INPUT FOR THIS TASK »
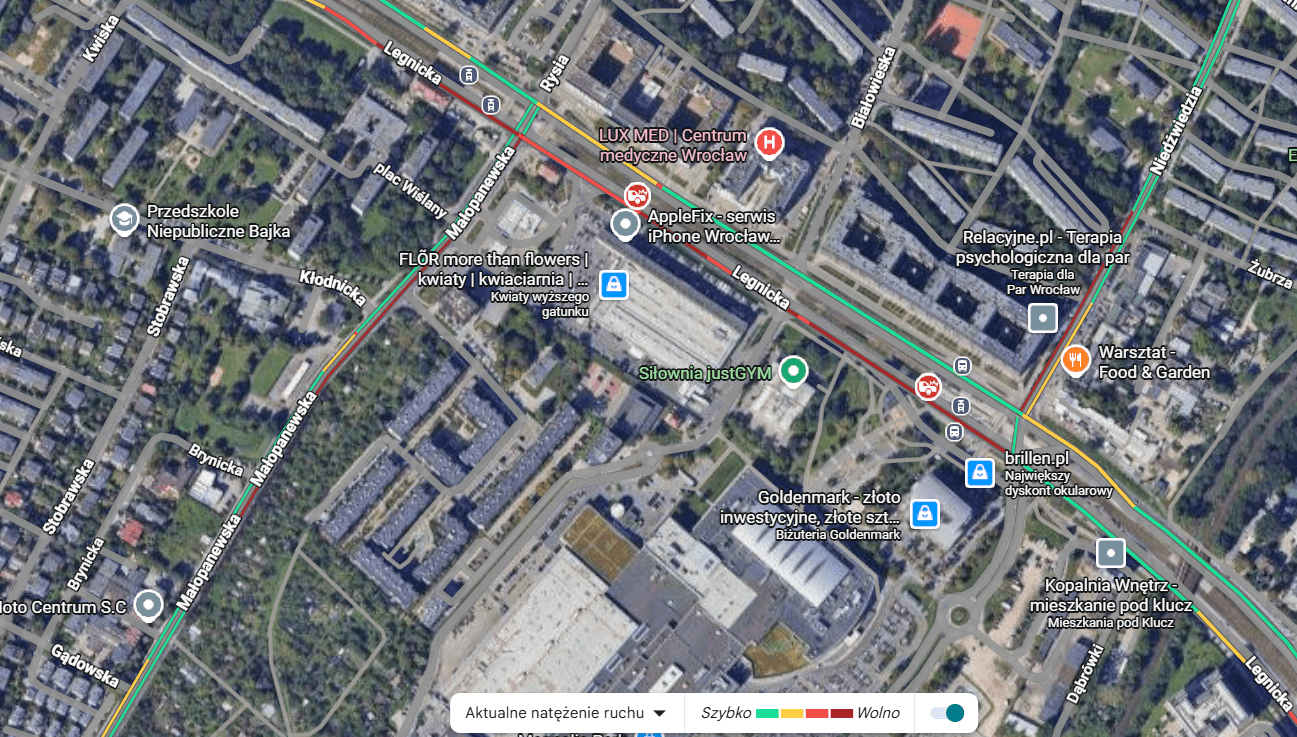 Powiększ obraz: <p>Utrudnienia w ruchu po dw&oacute;ch kolizjach na Legnickiej, mapa. 22.12.2025, stan na godz. 16.00.</p> Google Maps
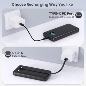 🔋【2 Ways Recharging】This portable charger with 2 inputs ( build-in USB A recharging cables & USB C port ), you can charge the power bank by plug the USB A cable to a USB outlet or USB A charger, also can recharge by connecting the charging cable through the USB C port.
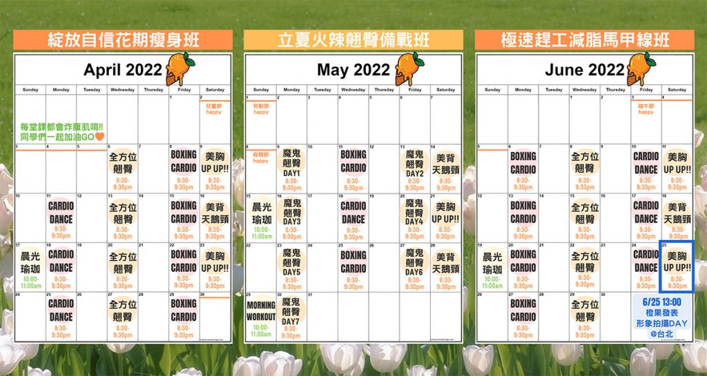 ?4月綻放自信花期瘦身班?跟著孟橙老師精心設計的課表跑,你可以:
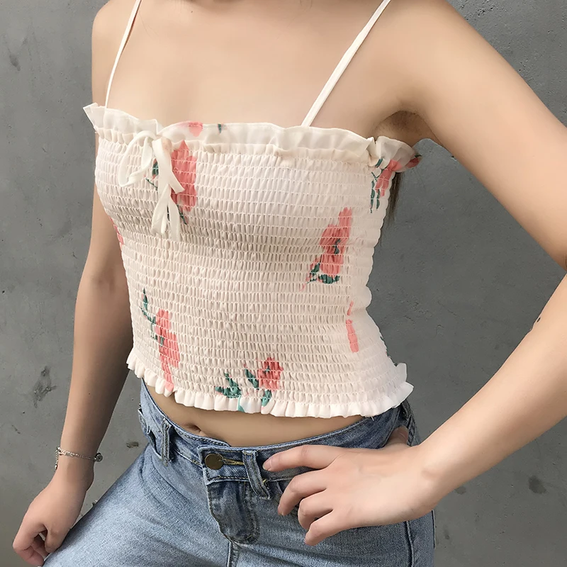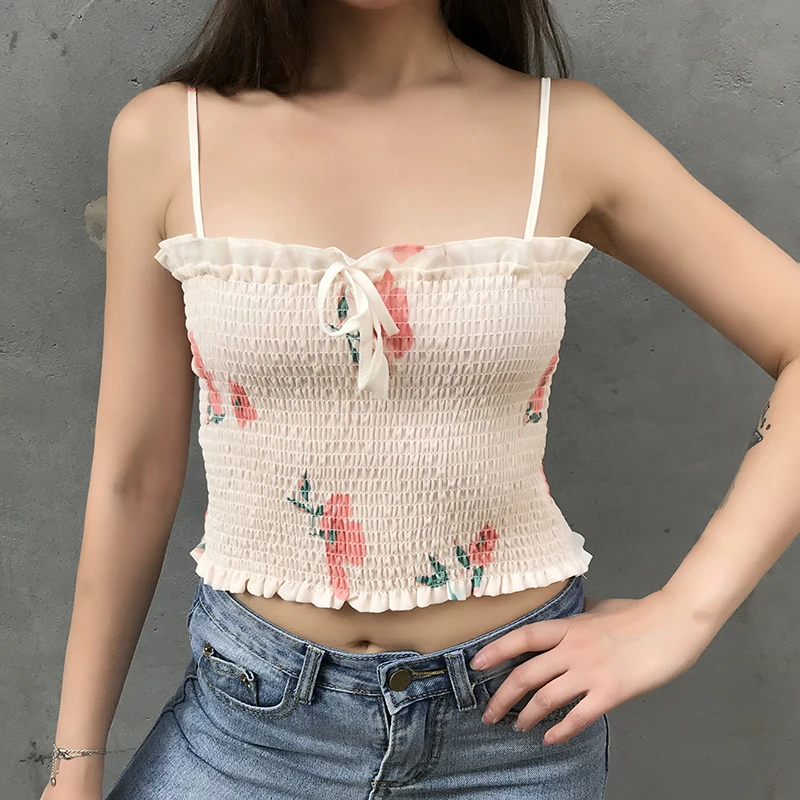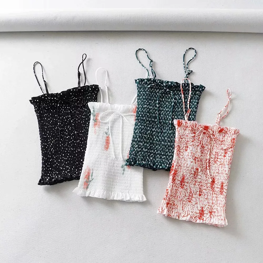 FREE SHIPPING Women Sexy Camisole female summer fashion tube Top print Wood ear elastic lace club Tops vintage for Womens tank tops JKP2919
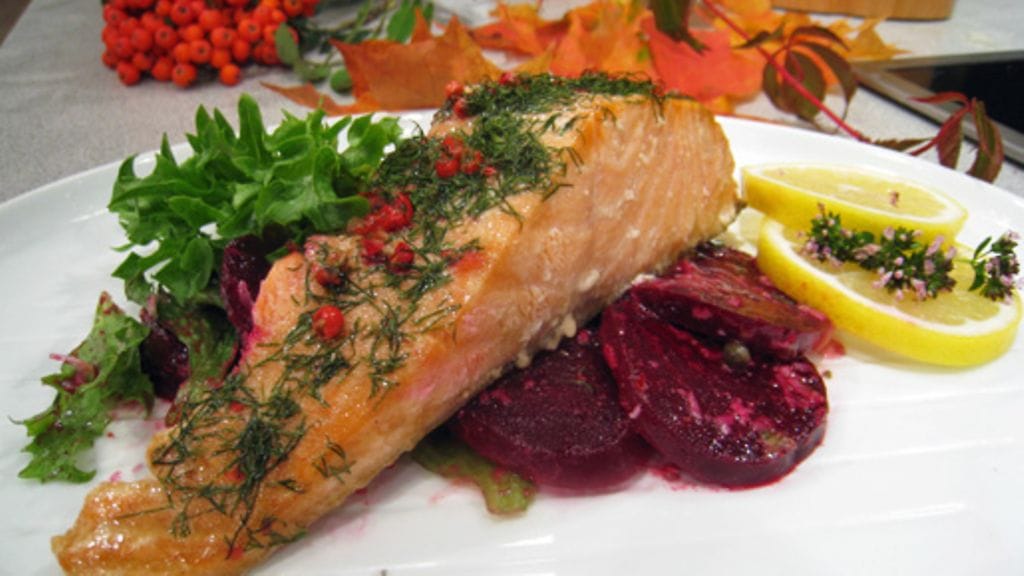 Laita filee uuniin ja kypsennä 20 minuuttia kunnes kala on kypsää. Nauti punajuurisalaatin kera.
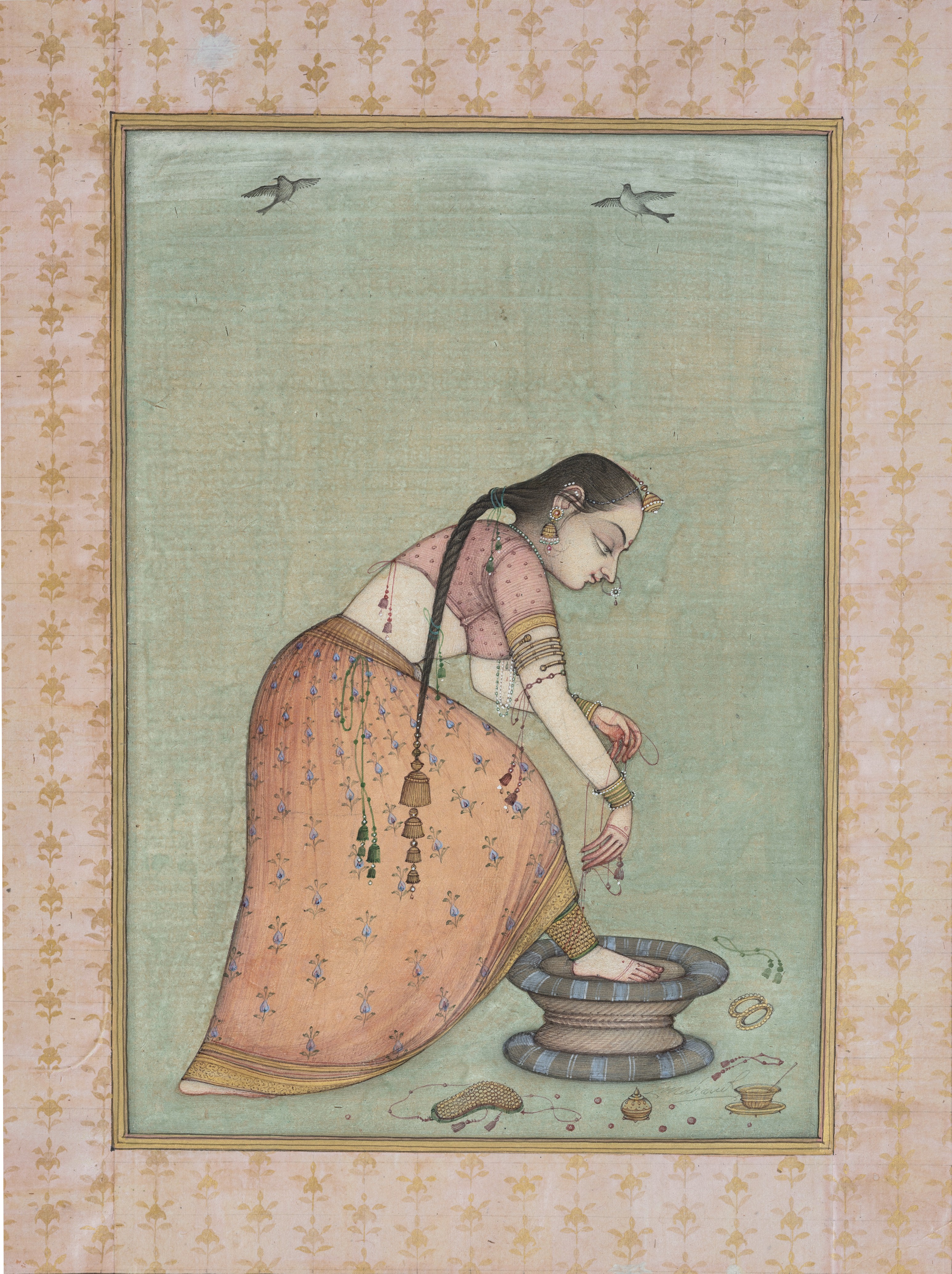 In this miniature, the same young woman is shown in the act of cleansing or preparing herself, bending gracefully over a shallow vessel in which she dips her feet. She wears a soft pink blouse and a flowing orange skirt richly decorated with fine floral patterns, her attire echoing the elegance of the first painting. Her braid, long and ornamented with tassels, once again draws attention to her refined beauty. Jewellery and small vessels are scattered around her, suggesting that she is in the midst of her daily ritual of adornment. The act of washing her feet symbolizes purity, renewal, and readiness, giving the scene both practical and poetic significance. Her lowered eyes and graceful hand gestures express a sense of modesty and serene focus. Above, two birds in flight add balance to the otherwise minimal background, hinting at the gentle passage of time. Framed with a pink-gold floral border, the painting embodies themes of beauty, ritual, and serenity, capturing an intimate, timeless moment of feminine grace.

WORK ORDER »
What is needed is an exact copy of the lines above, from the one holding "USB C port." down to the one holding "Laita filee uuniin", with those two included and the pictures left out.

TASK SOLUTION »
 🔋【2 Ways Recharging】This portable charger with 2 inputs ( build-in USB A recharging cables & USB C port ), you can charge the power bank by plug the USB A cable to a USB outlet or USB A charger, also can recharge by connecting the charging cable through the USB C port.
 ?4月綻放自信花期瘦身班?跟著孟橙老師精心設計的課表跑,你可以:
 FREE SHIPPING Women Sexy Camisole female summer fashion tube Top print Wood ear elastic lace club Tops vintage for Womens tank tops JKP2919
 Laita filee uuniin ja kypsennä 20 minuuttia kunnes kala on kypsää. Nauti punajuurisalaatin kera.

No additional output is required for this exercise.